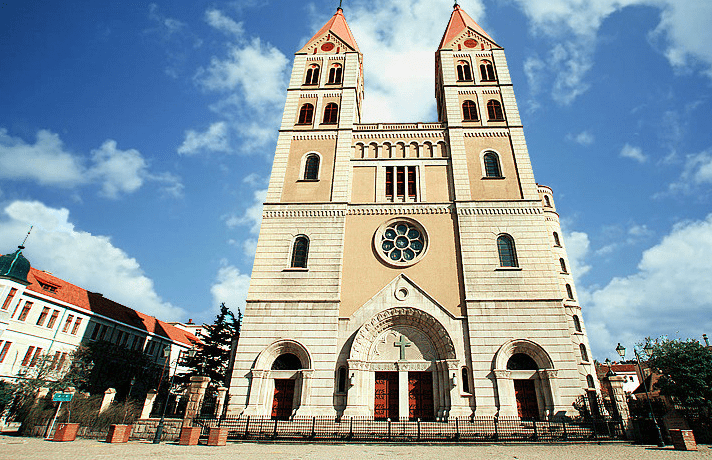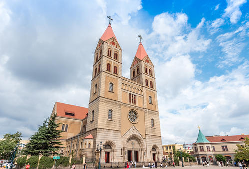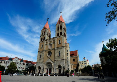 早7:00集合出發(fā),預(yù)計(jì)12:00到達(dá)青島天主教堂。后自由游覽,預(yù)計(jì)時(shí)間1小時(shí)。教堂以黃色花青島天主教堂崗巖和鋼筋混凝土砌成,表面雕以簡(jiǎn)潔優(yōu)美的紋案。窗戶(hù)為半圓拱形,線(xiàn)條流暢,顯得莊重而樸素。大門(mén)上方設(shè)一巨大玫瑰窗,兩側(cè)各聳立一座鐘塔,塔身高56米,紅瓦覆蓋的錐形塔尖上各豎立一個(gè)4.5米高的巨大十字架,塔內(nèi)懸有四口大鐘,一旦鐘樂(lè)鳴奏,聲傳數(shù)里之外。
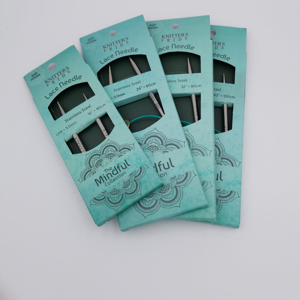 Knitter's Pride pays tribute to the healing art of knitting with The Mindful Collection Lace Needles. Inspirational words, specific to each size, are printed on the needle to encourage focus on the meditative aspect of knitting. Your spirit is soothed and reflected in your work. Made in a family owned enterprise, that supports inclusion and human rights, The Mindful Collection Lace Circular Needles are made of Stainless Steel, in an eco-compliant facility. The fine tips and no-twist glide cord create the perfect flow as you knit.
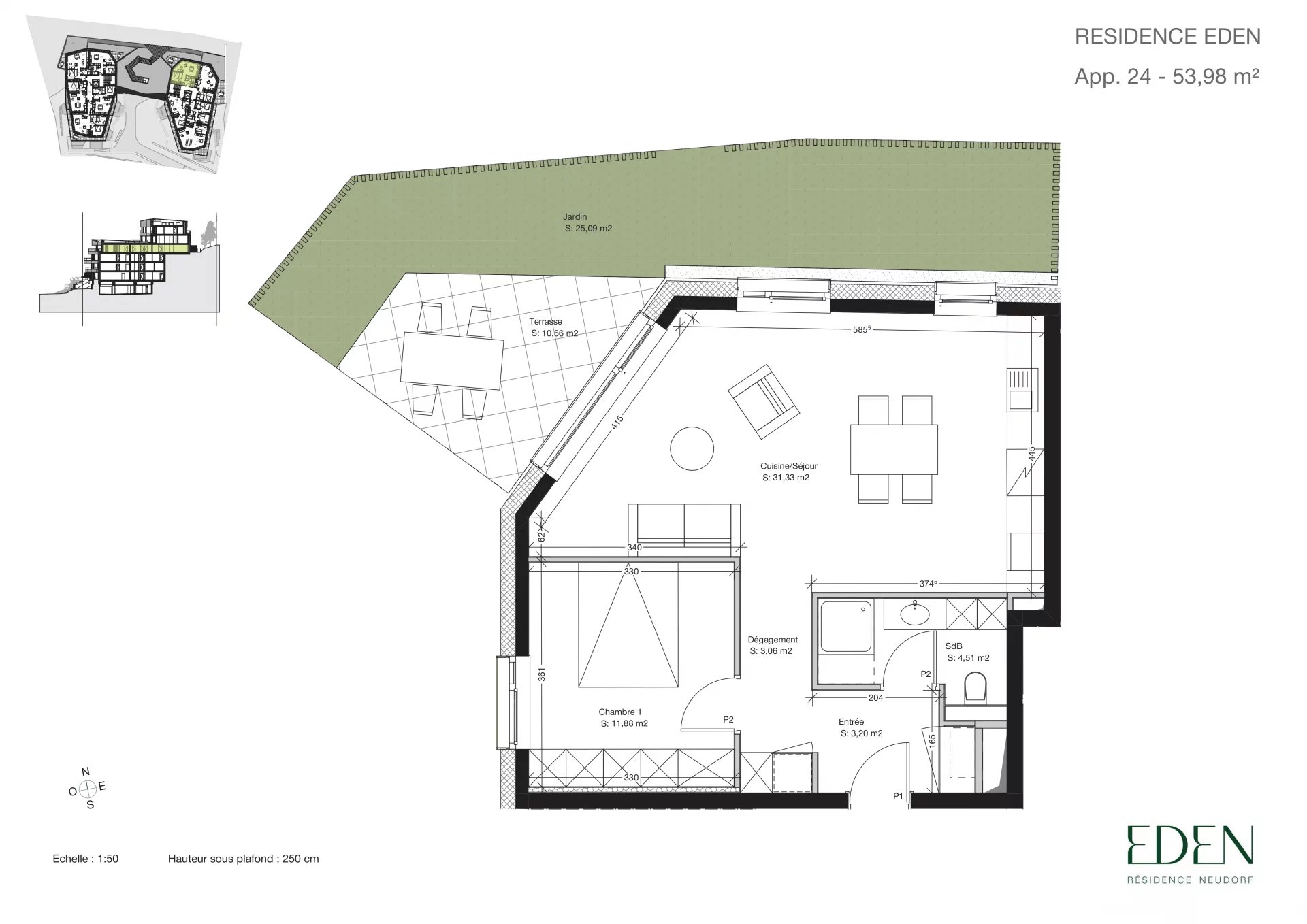 Cet appartement, situé au 4ème étage, dispose d’une surface de 54m² et comprend une cave privative, une place de parking intérieure, un jardin d’une surface de 25m² ainsi qu'une terrasse de 11m².
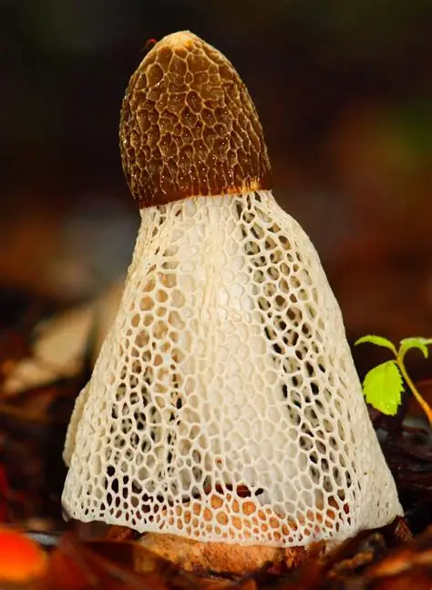 Erect, phalloid basidiome 15 – 25 cm tall arising from an ovate “egg.” Stipe white, spongy, honey‑combed (2–3 cm Ø) supporting an olive‑brown, slimy gleba on a conical cap (4–5 cm Ø) with reticulate pits. A delicate white lace‑like indusium (8–20 cm long) hangs from beneath the cap, forming a cylindrical skirt that may reach the substrate. Volva thick, white; base rooting. Gleba emits strong carrion‑like odour to attract dipteran vectors. Spores hyaline, elliptical, 3.5 × 2.0 µm. Basidiome matures rapidly (≈ 10 h) and collapses within 1–2 days.
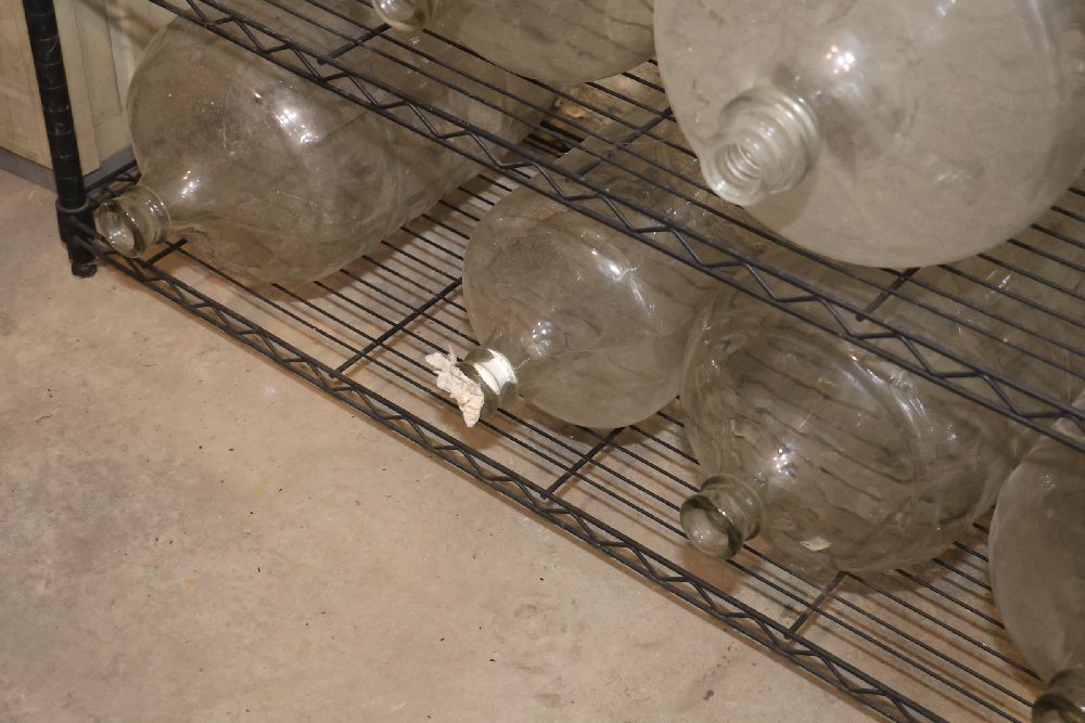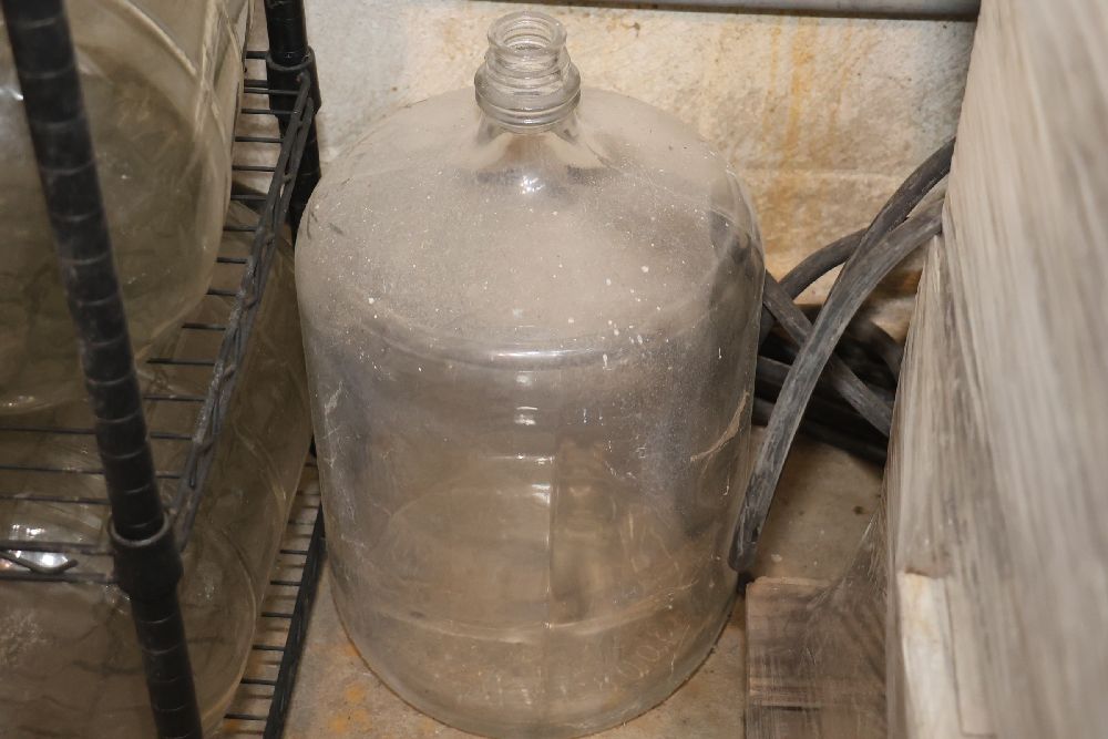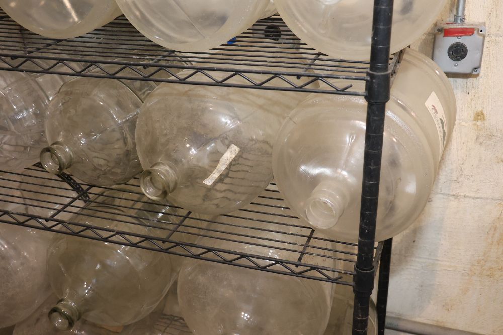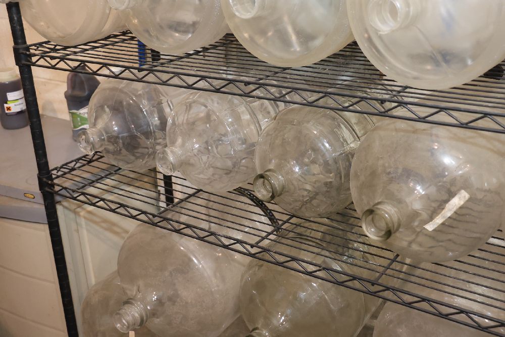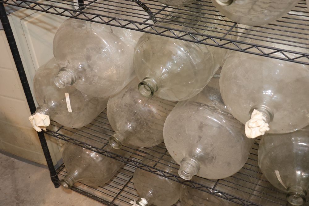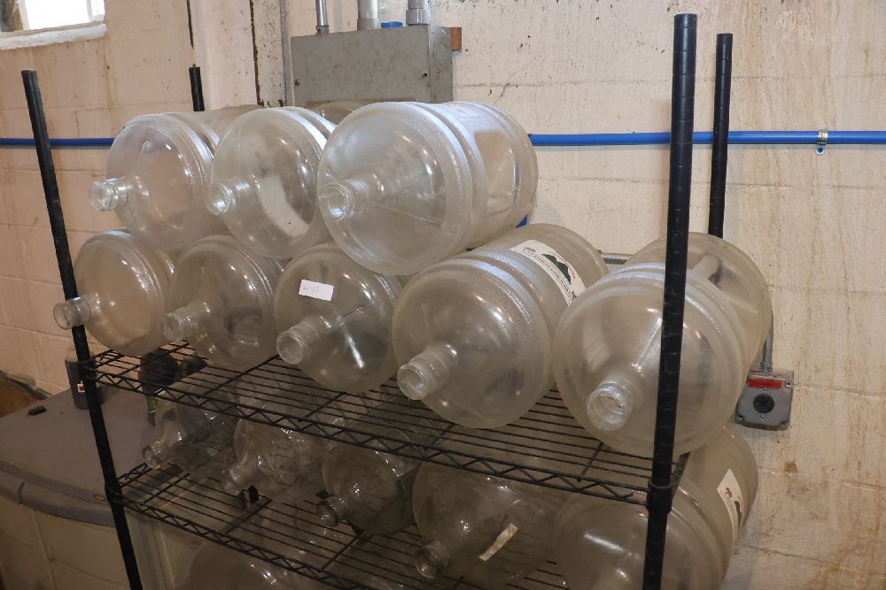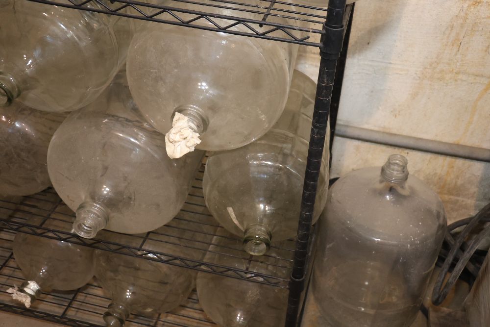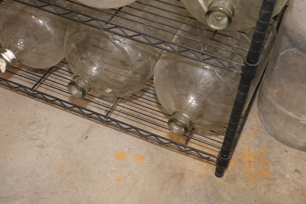 Shelving unit with jugs including: 2 gallon jugs glass, 5 gallon jugs plastic, approx. 8 gallon jugs glass, 5 gallon jugs glass. There will be a forklift onsite to assist in loading however the buyer is responsible for the proper and safe removal including bringing the proper tools, equipment and vehicle.
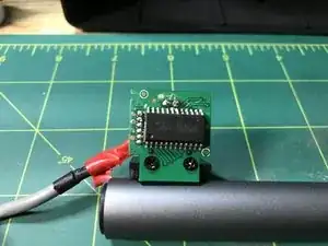 Выньте мягкую резину из корпуса, который удерживает светодиод. Одной из отвёрток протолкните светодиод через тёмный пластиковый корпус и резину, чтобы открыть доступ к светодиоду. Выпаяйте положительный и отрицательный провода светодиода с платы.
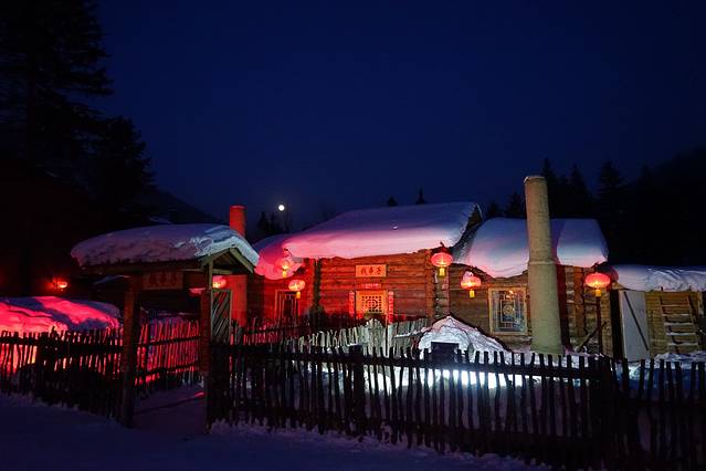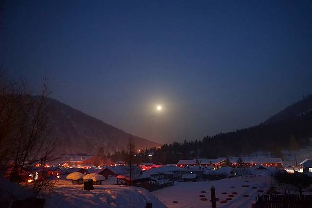 如果要拍个雪乡全景的话,确实比较难找地方,有一个最好的点,但被人承包了,要收门票380元,这个确实太贵了,受不了,我是到了随便一处的小山坡上拍的这张夜景,没带三角架去,手持拍的,所以效果一般了。
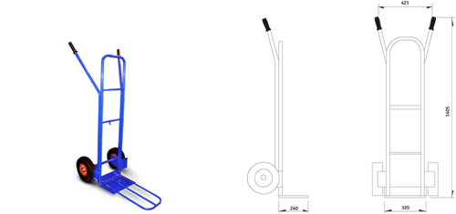 Двухколесная тележка КГ(150, 250, 350) подойдет для перевозки как больших, так и мелких упакованных грузов. Колеса диаметром 250 мм, обеспечивают легкость хода. Резиновая ручка с рифлением удобна для ежедневной работы.
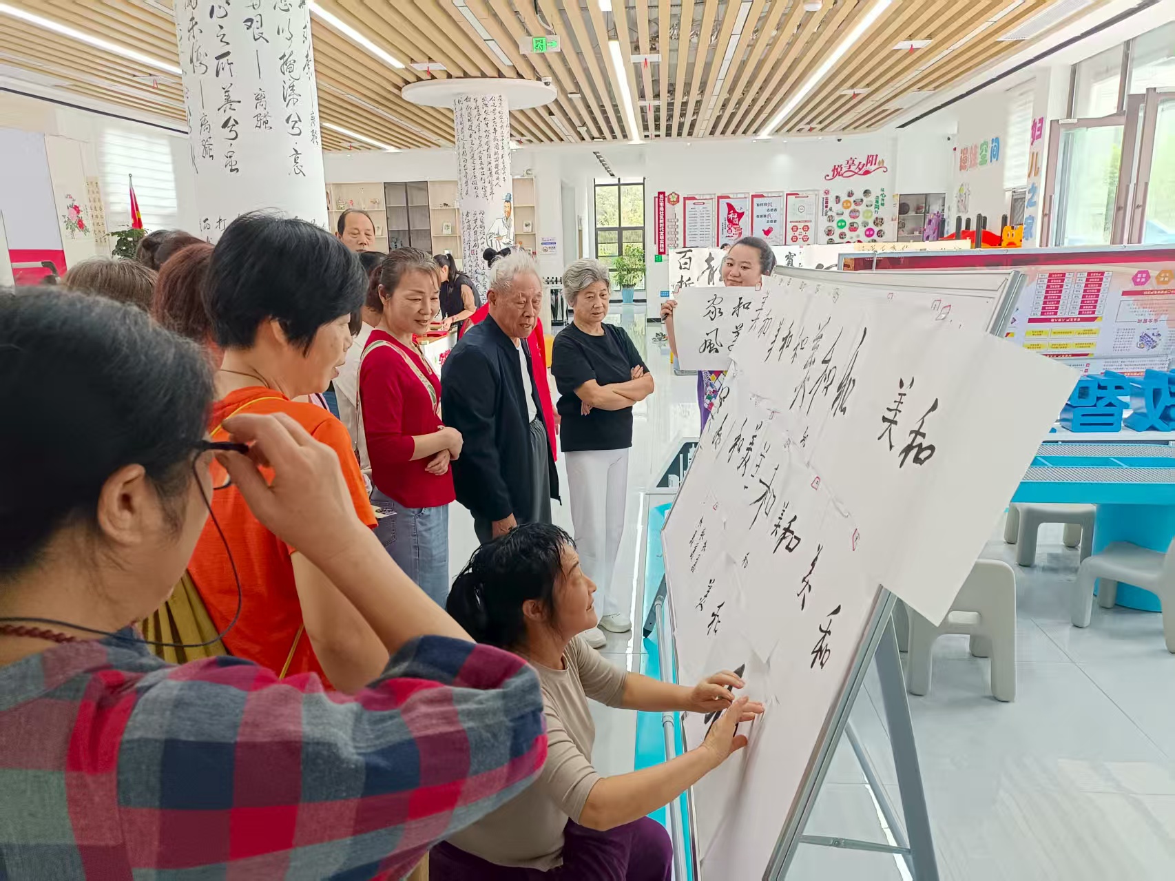 此次书法展突破了传统文化书法展“就字论字”的模式,引入“家风故事分享会”环节。群众既可分享好的家风故事,也可聆听老师讲述家训故事,实现“读字、听故事、悟家风”的沉浸式体验。“手腕要稳,下笔要轻”,书法老师在宣纸上写下“和美”两个字,并讲解了这个词的含义。老师不仅传授了基本笔画技巧,更通过字形结构分析,让参与者理解汉字背后的家风文化。

- Your goal: Repeat the data exactly. Pictures should not appear.

- Finished exercise:
 早7:00集合出發(fā),預(yù)計(jì)12:00到達(dá)青島天主教堂。后自由游覽,預(yù)計(jì)時(shí)間1小時(shí)。教堂以黃色花青島天主教堂崗巖和鋼筋混凝土砌成,表面雕以簡(jiǎn)潔優(yōu)美的紋案。窗戶(hù)為半圓拱形,線(xiàn)條流暢,顯得莊重而樸素。大門(mén)上方設(shè)一巨大玫瑰窗,兩側(cè)各聳立一座鐘塔,塔身高56米,紅瓦覆蓋的錐形塔尖上各豎立一個(gè)4.5米高的巨大十字架,塔內(nèi)懸有四口大鐘,一旦鐘樂(lè)鳴奏,聲傳數(shù)里之外。
 Knitter's Pride pays tribute to the healing art of knitting with The Mindful Collection Lace Needles. Inspirational words, specific to each size, are printed on the needle to encourage focus on the meditative aspect of knitting. Your spirit is soothed and reflected in your work. Made in a family owned enterprise, that supports inclusion and human rights, The Mindful Collection Lace Circular Needles are made of Stainless Steel, in an eco-compliant facility. The fine tips and no-twist glide cord create the perfect flow as you knit.
 Cet appartement, situé au 4ème étage, dispose d’une surface de 54m² et comprend une cave privative, une place de parking intérieure, un jardin d’une surface de 25m² ainsi qu'une terrasse de 11m².
 Erect, phalloid basidiome 15 – 25 cm tall arising from an ovate “egg.” Stipe white, spongy, honey‑combed (2–3 cm Ø) supporting an olive‑brown, slimy gleba on a conical cap (4–5 cm Ø) with reticulate pits. A delicate white lace‑like indusium (8–20 cm long) hangs from beneath the cap, forming a cylindrical skirt that may reach the substrate. Volva thick, white; base rooting. Gleba emits strong carrion‑like odour to attract dipteran vectors. Spores hyaline, elliptical, 3.5 × 2.0 µm. Basidiome matures rapidly (≈ 10 h) and collapses within 1–2 days.
 Shelving unit with jugs including: 2 gallon jugs glass, 5 gallon jugs plastic, approx. 8 gallon jugs glass, 5 gallon jugs glass. There will be a forklift onsite to assist in loading however the buyer is responsible for the proper and safe removal including bringing the proper tools, equipment and vehicle.
 Выньте мягкую резину из корпуса, который удерживает светодиод. Одной из отвёрток протолкните светодиод через тёмный пластиковый корпус и резину, чтобы открыть доступ к светодиоду. Выпаяйте положительный и отрицательный провода светодиода с платы.
 如果要拍个雪乡全景的话,确实比较难找地方,有一个最好的点,但被人承包了,要收门票380元,这个确实太贵了,受不了,我是到了随便一处的小山坡上拍的这张夜景,没带三角架去,手持拍的,所以效果一般了。
 Двухколесная тележка КГ(150, 250, 350) подойдет для перевозки как больших, так и мелких упакованных грузов. Колеса диаметром 250 мм, обеспечивают легкость хода. Резиновая ручка с рифлением удобна для ежедневной работы.
 此次书法展突破了传统文化书法展“就字论字”的模式,引入“家风故事分享会”环节。群众既可分享好的家风故事,也可聆听老师讲述家训故事,实现“读字、听故事、悟家风”的沉浸式体验。“手腕要稳,下笔要轻”,书法老师在宣纸上写下“和美”两个字,并讲解了这个词的含义。老师不仅传授了基本笔画技巧,更通过字形结构分析,让参与者理解汉字背后的家风文化。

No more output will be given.